ANGELICA: No! You shot her!

SOLDIER 1: She would have done the same to you.

ANGELICA: No, you don’t understand! She’s my sister! She and I – the new Colombia!

SOLDIER 2: [Looking at Soldier 1, confused] Sir?

SOLDIER 1: She’s been through a lot. Sometimes, they identify with their captors, it’s a survival technique. She’ll need therapy.

ANGELICA: You don’t understand!

SOLDIER 1: [To soldier 2] Get her out of here. She’s been traumatized enough. Get her into one of the cars.

They start to drag her away.

ANGELICA: Dolores! They don’t understand! I won’t forget you! I know I can’t make the new Colombia all by myself! You have to help me! From Heaven you have to help me!

SOLDIER 1: This one, Miss, is going straight to Hell.

ANGELICA: No, that’s where we’re living now. You and me. But there’s enough water in Heaven to put out the flames. The dead will be our firemen. From graves all over the world they will rise with no ideology other than our tears, to free us from every concept that keeps us apart, from every frailty that divides us. [Sings from the John Lennon song "Mind Games"] "Love is the answer, and you know that for sure. Love is the flower, you got to let it, you got to let it grow."

SOLDIER 1: You’ll feel better after you get some rest, Miss. Come on.

ANGELICA: Today, two rivers met, and frothing and turbulent, their waters mixed. There a whirlpool formed, and in it, I lost my ignorance, sucked to the bottom of the current. Dolores, my enemy, my sister! Thank you! From the bottom of my heart, I thank you! Together, we’ll do what all the guns of the world could not!
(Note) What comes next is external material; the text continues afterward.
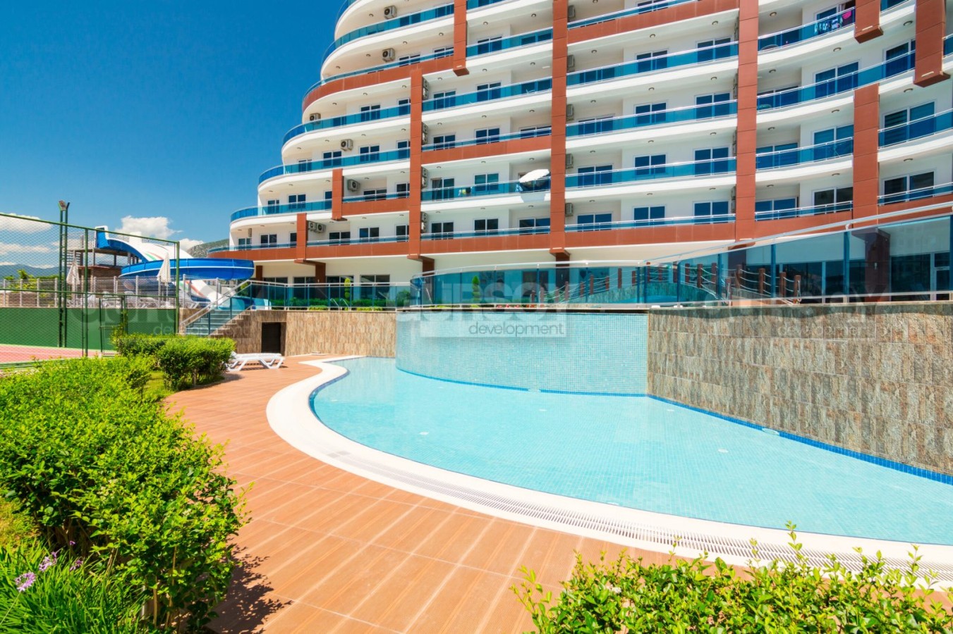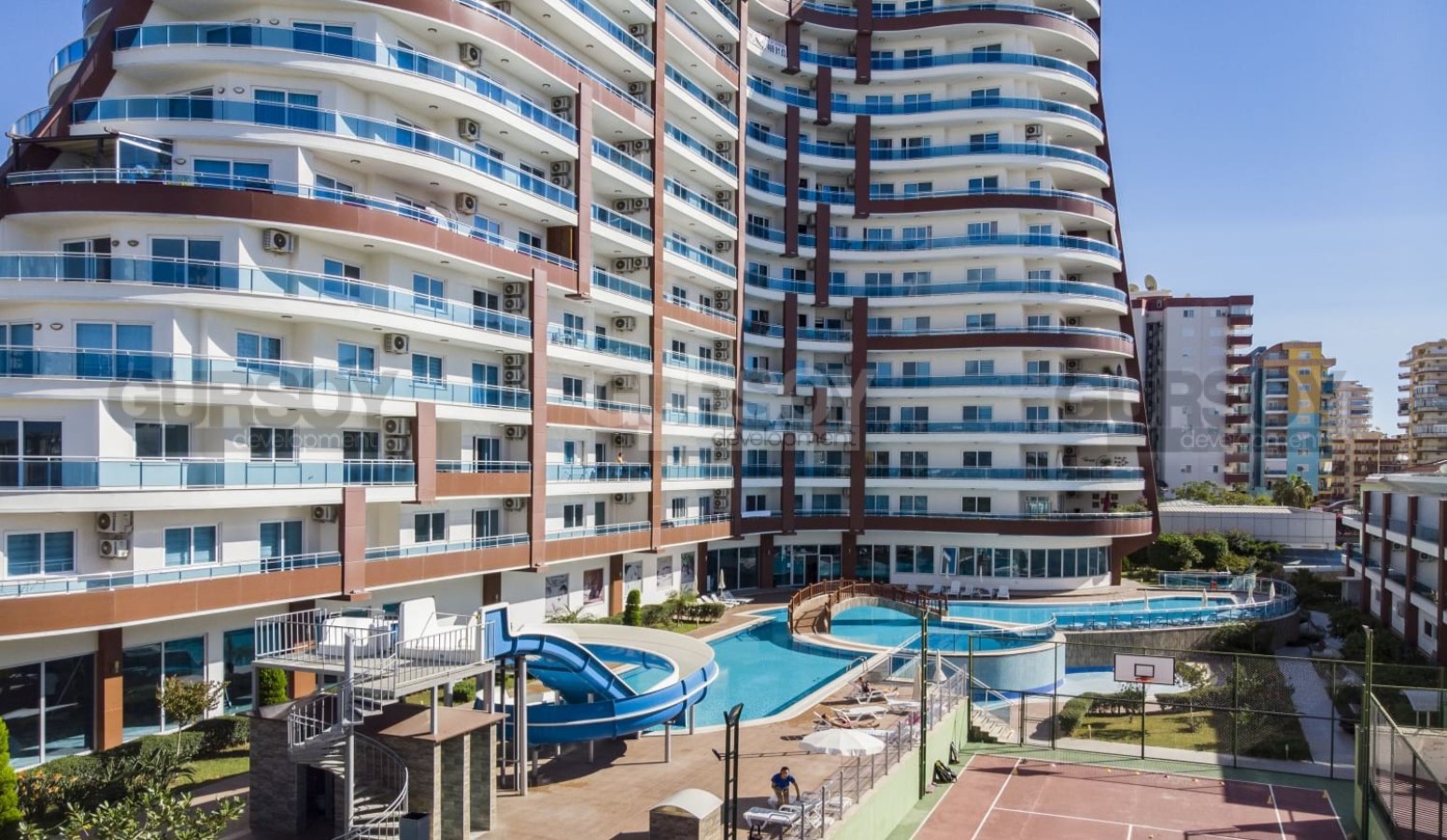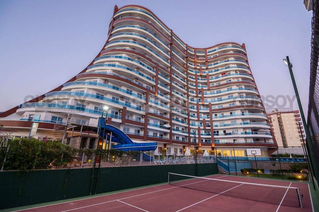 Комплекс отличается великолепной инфраструктурой уровня 5-звездочного отеля. Здесь вы найдете всё для комфортной и насыщенной жизни: открытый бассейн с аквапарком, крытый бассейн с подогревом, зеленую территорию с зоной барбекю, стильное лобби, кинотеатр, СПА-центр с сауной, хамамом, паровой и массажными кабинетами. Для любителей активного образа жизни предусмотрены фитнес-зал и бильярдная. Насладиться вкусными блюдами можно в ресторане на территории комплекса, а для ваших детей предусмотрена игровая комната. Также в комплексе есть парковка и система видеонаблюдения. Территория огорожена и охраняется круглосуточно, что гарантирует вашу безопасность и спокойствие.

She finally disappears, led off stage by the soldiers.

THE END

NOTES ON PRISONER BINDING:

Following is a technical note on the binding of the prisoner. Various approaches may be used. Hands and feet bound to chair; hands bound to each other and feet bound to each other, prisoner sitting loose in chair. Hands bound to each other, prisoner attached to chair by rope around the throat (leash), with feet also bound, or unbound. Etc.
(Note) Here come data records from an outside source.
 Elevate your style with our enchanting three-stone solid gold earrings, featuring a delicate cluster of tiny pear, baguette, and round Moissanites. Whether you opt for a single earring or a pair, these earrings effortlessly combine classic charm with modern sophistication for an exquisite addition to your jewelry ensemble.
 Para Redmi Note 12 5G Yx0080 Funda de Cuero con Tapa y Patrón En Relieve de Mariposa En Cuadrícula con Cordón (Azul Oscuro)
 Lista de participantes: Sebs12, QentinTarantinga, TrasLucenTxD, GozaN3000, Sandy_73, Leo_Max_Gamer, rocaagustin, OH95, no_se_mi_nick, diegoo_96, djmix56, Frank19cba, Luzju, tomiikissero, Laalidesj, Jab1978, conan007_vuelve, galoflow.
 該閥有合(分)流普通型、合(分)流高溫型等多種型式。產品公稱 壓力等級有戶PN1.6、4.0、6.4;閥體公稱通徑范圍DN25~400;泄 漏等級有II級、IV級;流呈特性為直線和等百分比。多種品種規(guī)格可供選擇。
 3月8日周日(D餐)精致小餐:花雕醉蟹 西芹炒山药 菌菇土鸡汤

Considerations for the director:

Best possibilities for dramatic movement of the actress who plays Angelica, while making it clear that she is restrained.
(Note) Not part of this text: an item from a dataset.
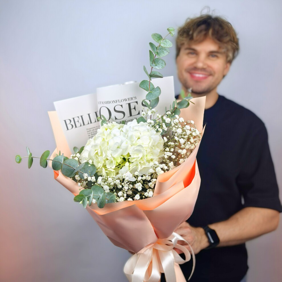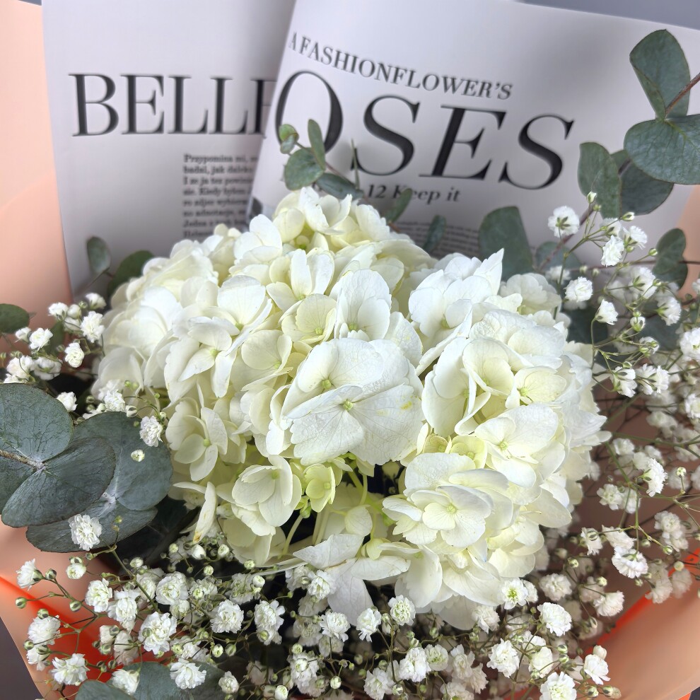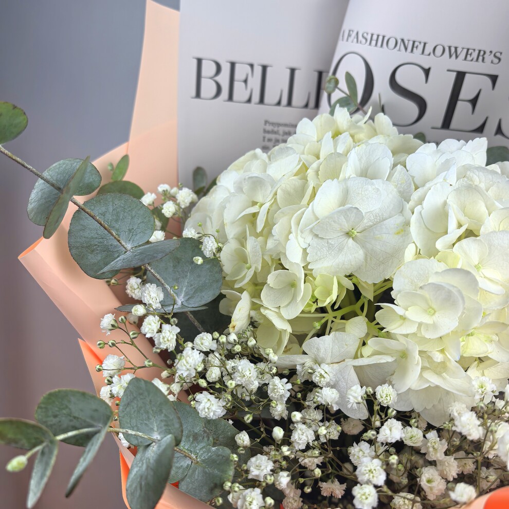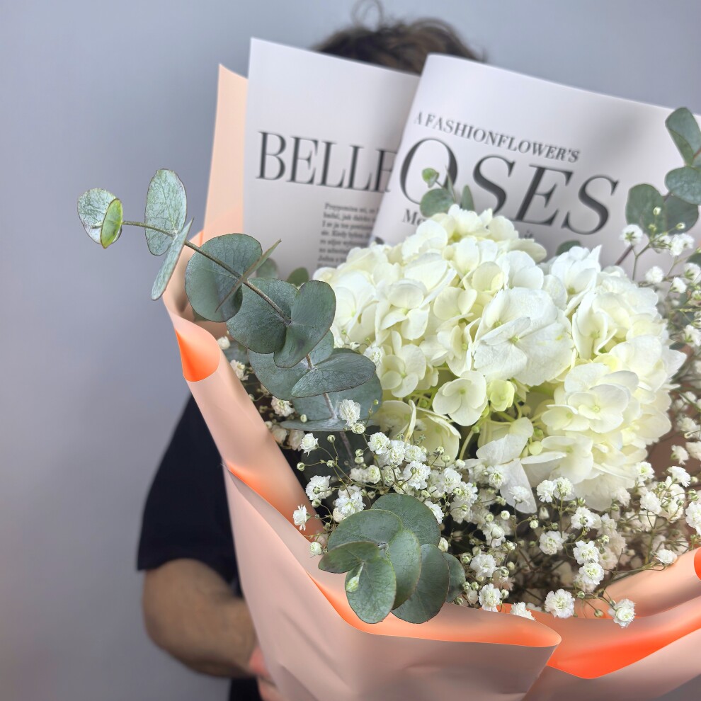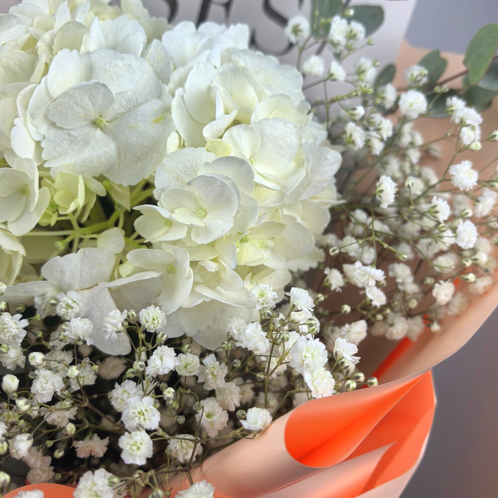 Этот букет — воплощение нежности и утончённости. Белые гортензии, словно облачка, создают ощущение лёгкости и чистоты. Их окружили мелкие белые цветы гипсофилы, добавляющие композиции воздушности и романтики. Веточки эвкалипта с серебристыми листьями придают букету свежесть и природную гармонию. Всё это завернуто в нежную персиковую упаковку, которая подчёркивает мягкость и изысканность композиции. Такой букет станет идеальным подарком для тех, кто ценит красоту в простоте и естественности.

The binding which assures the proper level of ease (timing and pace) for disengaging the prisoner from restraints (when she goes to the bathroom).

Should the prisoner be bound to the chair as it is pushed over (in the end scene), or is that too hard on the actress? Should it be possible for Dolores to merely throw Angelica out of the chair (bound prisoner not attached to chair)?

For the tactical realist, it seems that the guerrillas would adjust the prisoner’s binding to make her mobile in the end scene, so that they could take her with them if they managed to escape. But in no case must the director’s effort to inject this tactical realism into the scene lead viewers to believe that Dolores is taking off the prisoner’s restraints to let her go. Either some additional dialogue could be inserted to clarify this, or else the "leash/unbound feet" arrangement of binding could be used throughout the play, in which case, Dolores would detach the leash from the chair in the end scene but hold it tightly in her hand, making it clear that it was not her intention to free the prisoner.